Jakarta, tvOnenews.com – DPR RI menyoroti perihal pembahasan Agreement on Reciprocal Trade (ART) antara Indonesia dan Amerika Serikat (AS).
Wakil Ketua Komisi VI DPR RI, Adisatrya Suryo Sulisto menegaskan, perjanjian dagang tersebut tak boleh sekadar lolos secara hukum, tetapi harus diuji dampaknya terhadap UMKM (Usaha Mikro, Kecil, dan Menengah), industri nasional, hingga stabilitas ekonomi masyarakat.
Menurutnya, DPR tidak akan gegabah dalam proses ratifikasi. Komisi VI memastikan substansi perjanjian dibedah secara detail sebelum disetujui.
“Tentu dalam agenda rapat yang akan datang, Komisi VI DPR akan mengundang Kementerian Perdagangan sebagai mitra kerja untuk meminta penjelasan resmi dan membahas secara detail substansi dari Agreement on Reciprocal Trade (ART) tersebut,” kata Adisatrya Suryo Sulisto, Rabu (4/3/2026).

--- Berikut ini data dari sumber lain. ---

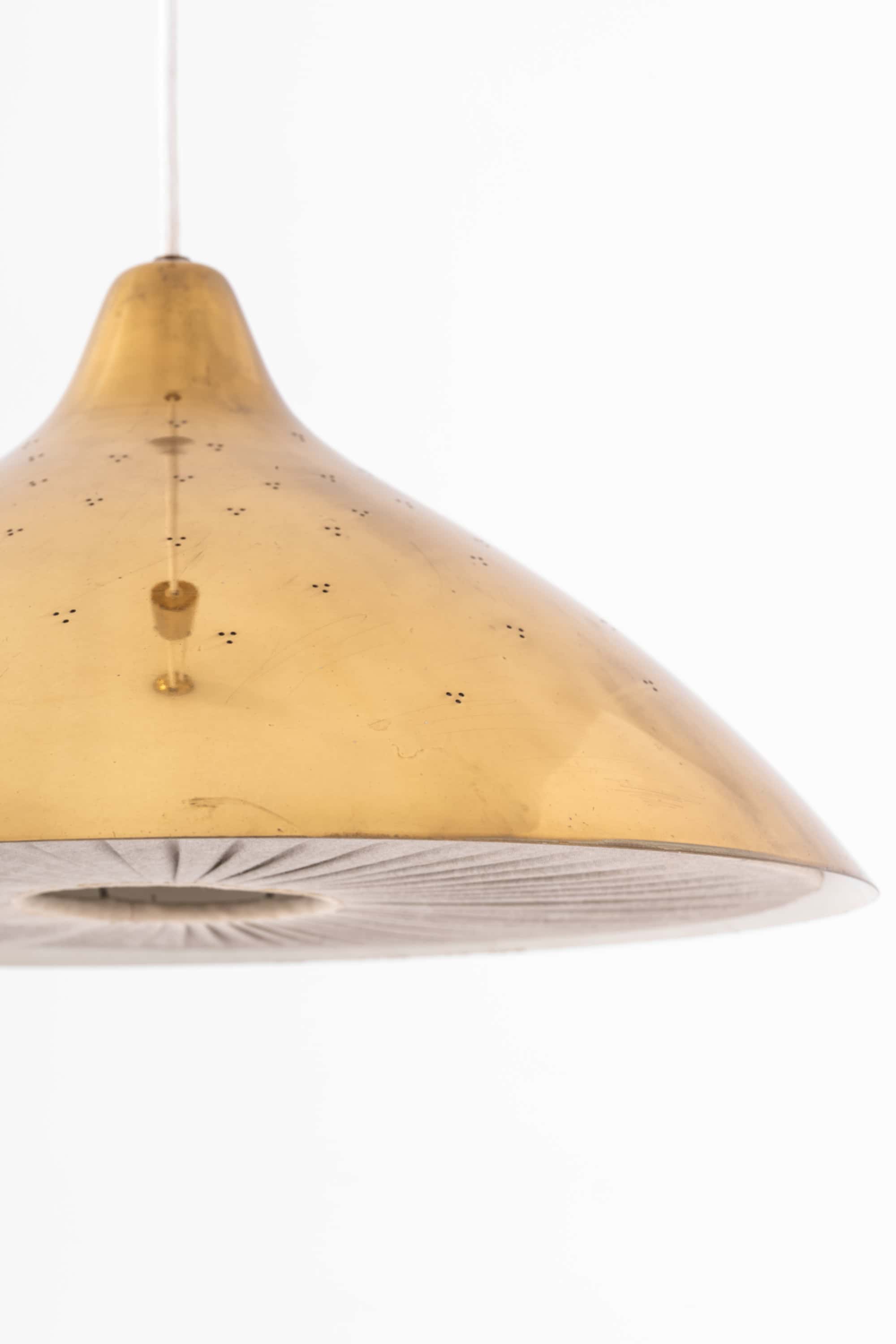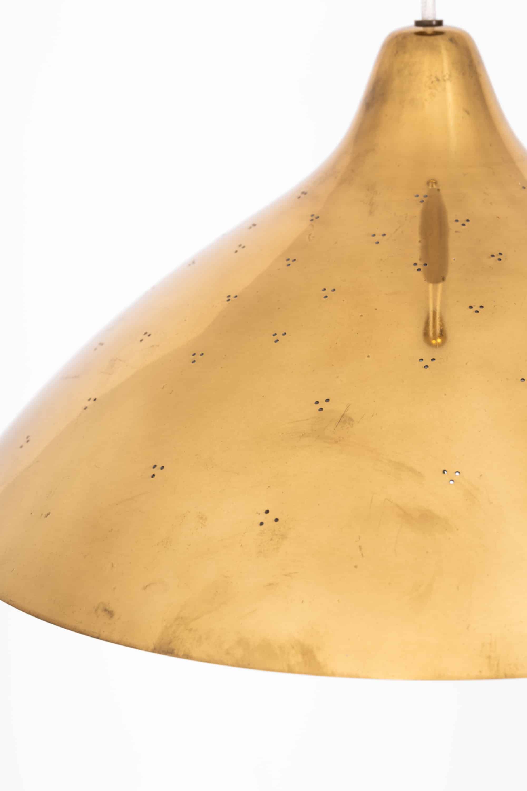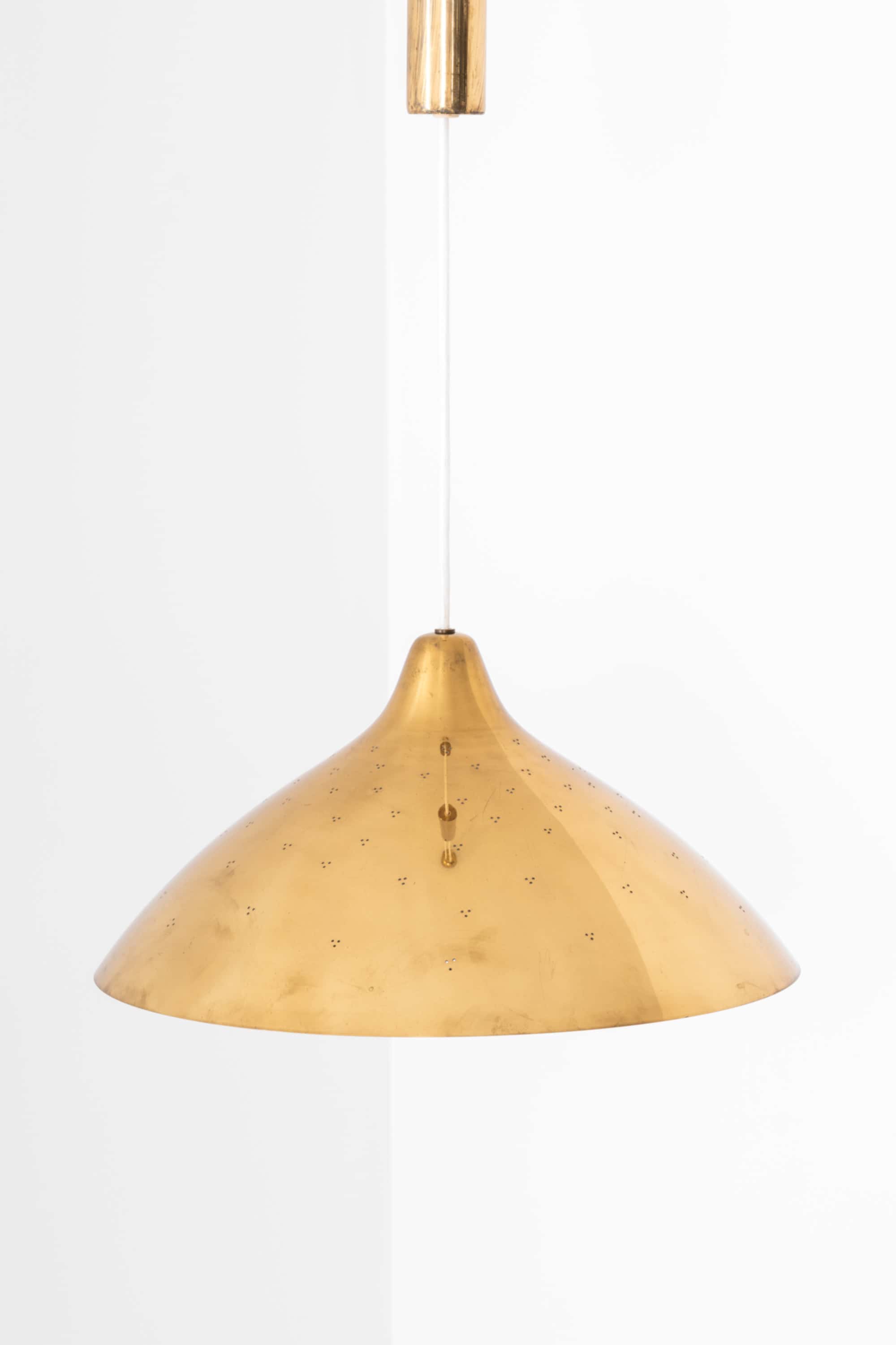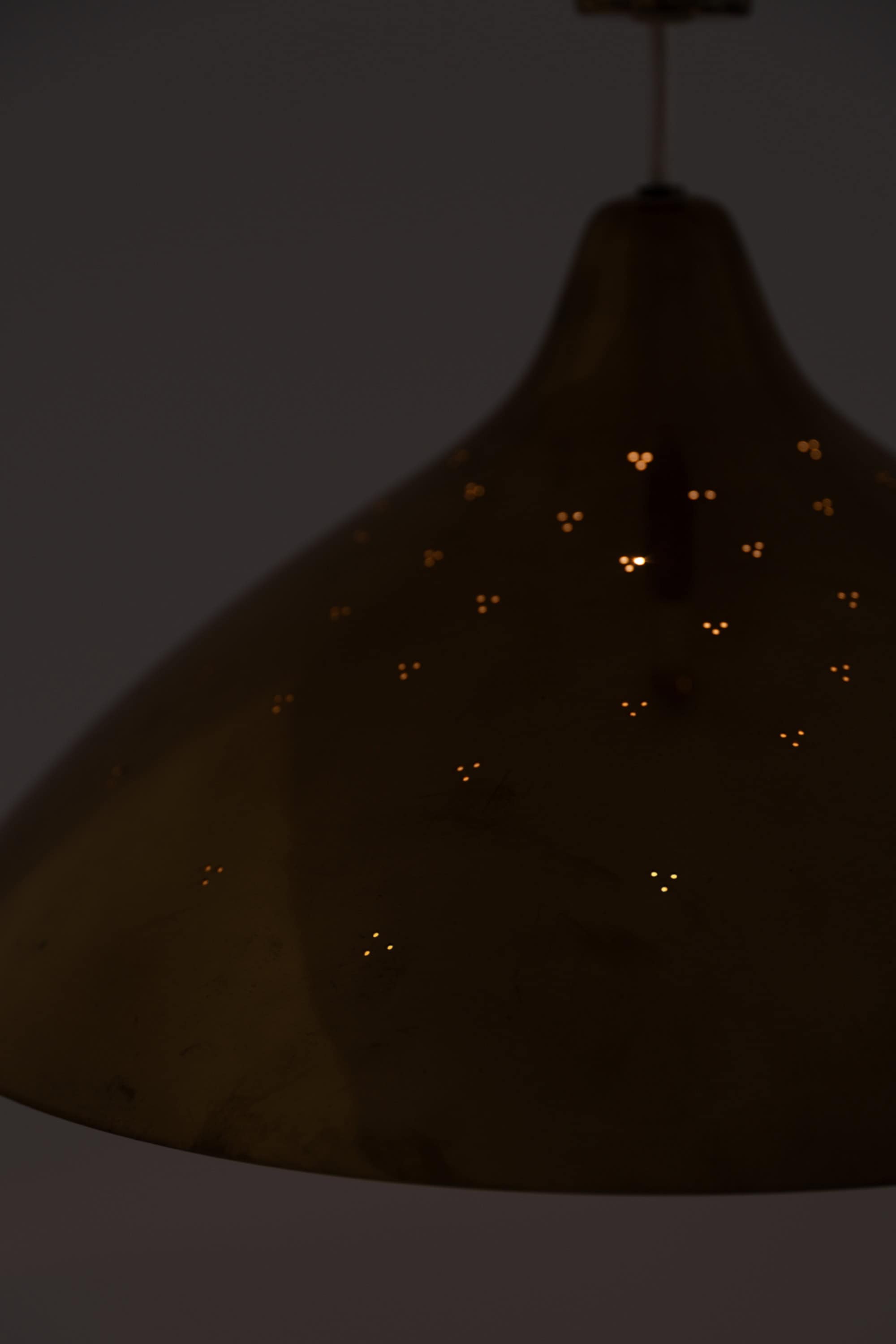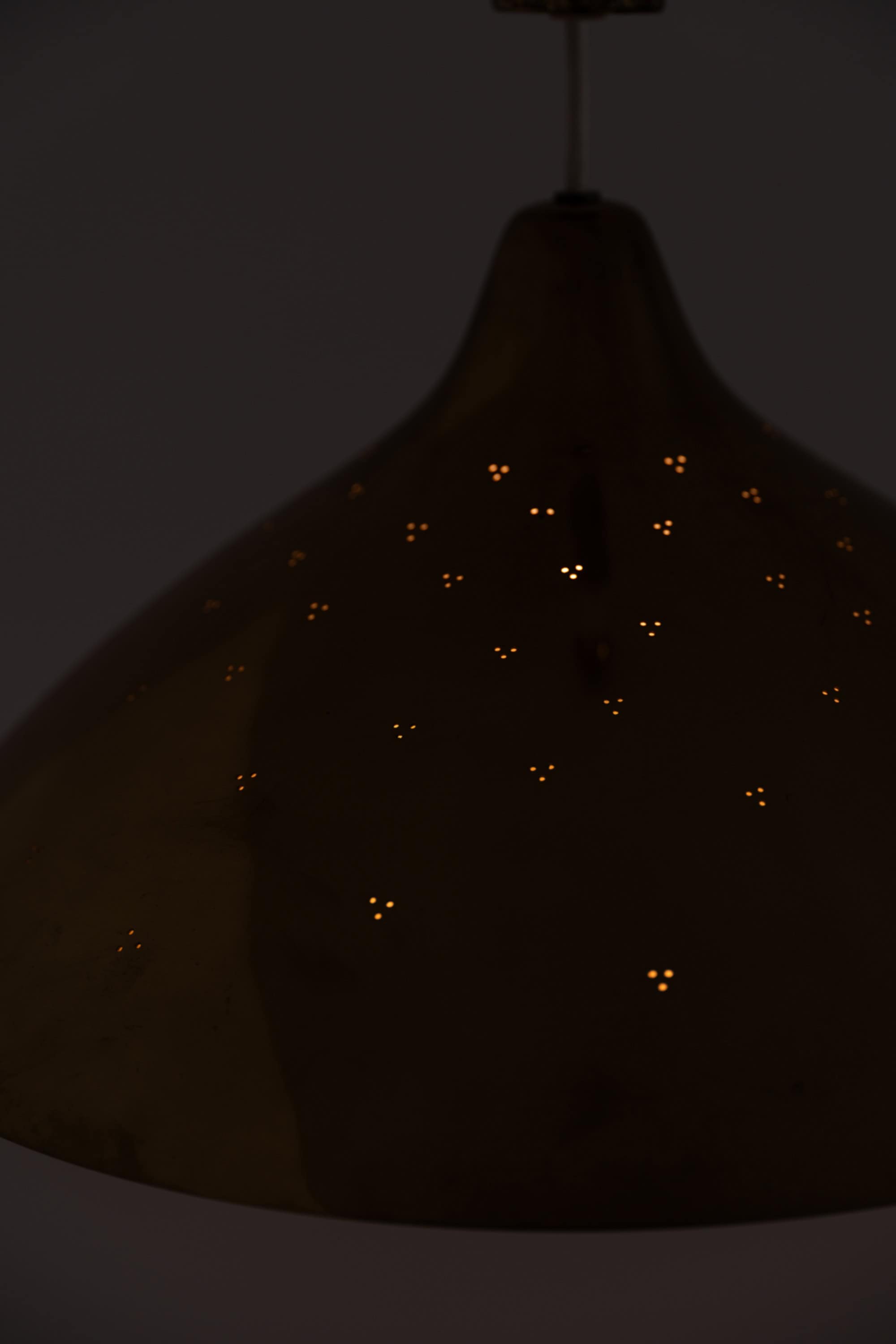 When lit, the lamp produces a warm, ambient illumination, with the perforations creating a subtle constellation-like effect across the brass surface, while the fabric diffuser emits a soft, even downward light. This interplay between direct and indirect light is a hallmark of Johansson-Pape’s designs.

Politisi Fraksi PDI-Perjuangan itu menegaskan, sebagai perjanjian internasional, ART wajib melalui proses ratifikasi DPR agar pembahasannya transparan dan akuntabel.
Ia mengingatkan, kepentingan rakyat harus menjadi prioritas utama dalam setiap kebijakan perdagangan.
“UMKM dan industri lokal adalah sektor strategis yang harus dilindungi keberlangsungan usahanya dan pemerintah harus dapat memastikan kesepakatan bilateral ini tetap melindungi kepentingan nasional,” tegasnya.
Adisatrya mengatakan, Komisi VI memberi perhatian serius pada potensi membanjirnya produk impor bertarif 0 persen dari AS.
Sebab menurutnya, skema ini dinilai bisa menggerus daya saing produksi dalam negeri, terutama pelaku UMKM.
“Jika ditemukan risiko signifikan seperti kegerusnya daya saing produk UMKM akibat masuknya produk impor dari Amerika Serikat dengan tarif 0 persen, maka DPR akan meminta pemerintah untuk memberikan perlindungan lebih baik bagi pelaku UMKM,” jelasnya.
Di sisi lain, ia menekankan pentingnya menjaga kebijakan hilirisasi yang selama ini didorong untuk menciptakan nilai tambah dan lapangan kerja di dalam negeri.
“Di satu sisi, pemerintah harus mematuhi aturan perdagangan internasional dengan tarif dari Amerika Serikat. Di sisi lain, pemerintah harus mempertahankan kedaulatan industri domestik melalui kebijakan hilirisasi,” ungkapnya.
Tak hanya itu, DPR juga menuntut pemerintah membuka simulasi fiskal sebelum ratifikasi dilakukan. Analisis tersebut dinilai krusial agar DPR tidak menyetujui perjanjian tanpa gambaran dampak terhadap keuangan negara.